Records for processing Block Start
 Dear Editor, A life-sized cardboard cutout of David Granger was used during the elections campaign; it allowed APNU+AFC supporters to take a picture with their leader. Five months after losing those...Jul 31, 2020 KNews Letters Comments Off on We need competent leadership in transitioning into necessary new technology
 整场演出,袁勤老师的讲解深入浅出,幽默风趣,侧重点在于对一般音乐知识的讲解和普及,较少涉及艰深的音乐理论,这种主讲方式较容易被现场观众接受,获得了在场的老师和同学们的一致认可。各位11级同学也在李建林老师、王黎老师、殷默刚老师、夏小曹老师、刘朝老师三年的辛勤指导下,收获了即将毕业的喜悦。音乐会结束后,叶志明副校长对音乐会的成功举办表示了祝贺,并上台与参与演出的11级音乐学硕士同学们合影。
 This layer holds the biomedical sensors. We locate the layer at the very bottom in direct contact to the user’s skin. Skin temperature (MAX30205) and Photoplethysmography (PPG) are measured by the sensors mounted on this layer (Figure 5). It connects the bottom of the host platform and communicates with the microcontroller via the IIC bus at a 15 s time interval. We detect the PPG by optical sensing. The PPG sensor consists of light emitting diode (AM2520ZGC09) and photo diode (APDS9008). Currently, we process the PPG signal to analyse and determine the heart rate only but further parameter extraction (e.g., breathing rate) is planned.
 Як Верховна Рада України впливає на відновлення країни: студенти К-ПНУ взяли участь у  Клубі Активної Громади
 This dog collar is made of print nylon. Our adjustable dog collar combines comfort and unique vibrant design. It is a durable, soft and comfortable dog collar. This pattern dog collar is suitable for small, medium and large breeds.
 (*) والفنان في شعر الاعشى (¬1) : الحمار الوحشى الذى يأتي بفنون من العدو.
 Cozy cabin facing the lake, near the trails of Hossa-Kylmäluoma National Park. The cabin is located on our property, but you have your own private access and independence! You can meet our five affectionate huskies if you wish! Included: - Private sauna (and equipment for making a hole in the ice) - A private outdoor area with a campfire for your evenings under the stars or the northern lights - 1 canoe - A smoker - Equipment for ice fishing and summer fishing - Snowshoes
Records for processing Block End
- [Work item]:
From the first line of the data through the line with "This dog collar", quote each line exactly and add nothing else.

- [Answer to the problem]:
 Dear Editor, A life-sized cardboard cutout of David Granger was used during the elections campaign; it allowed APNU+AFC supporters to take a picture with their leader. Five months after losing those...Jul 31, 2020 KNews Letters Comments Off on We need competent leadership in transitioning into necessary new technology
 整场演出,袁勤老师的讲解深入浅出,幽默风趣,侧重点在于对一般音乐知识的讲解和普及,较少涉及艰深的音乐理论,这种主讲方式较容易被现场观众接受,获得了在场的老师和同学们的一致认可。各位11级同学也在李建林老师、王黎老师、殷默刚老师、夏小曹老师、刘朝老师三年的辛勤指导下,收获了即将毕业的喜悦。音乐会结束后,叶志明副校长对音乐会的成功举办表示了祝贺,并上台与参与演出的11级音乐学硕士同学们合影。
 This layer holds the biomedical sensors. We locate the layer at the very bottom in direct contact to the user’s skin. Skin temperature (MAX30205) and Photoplethysmography (PPG) are measured by the sensors mounted on this layer (Figure 5). It connects the bottom of the host platform and communicates with the microcontroller via the IIC bus at a 15 s time interval. We detect the PPG by optical sensing. The PPG sensor consists of light emitting diode (AM2520ZGC09) and photo diode (APDS9008). Currently, we process the PPG signal to analyse and determine the heart rate only but further parameter extraction (e.g., breathing rate) is planned.
 Як Верховна Рада України впливає на відновлення країни: студенти К-ПНУ взяли участь у  Клубі Активної Громади
 This dog collar is made of print nylon. Our adjustable dog collar combines comfort and unique vibrant design. It is a durable, soft and comfortable dog collar. This pattern dog collar is suitable for small, medium and large breeds.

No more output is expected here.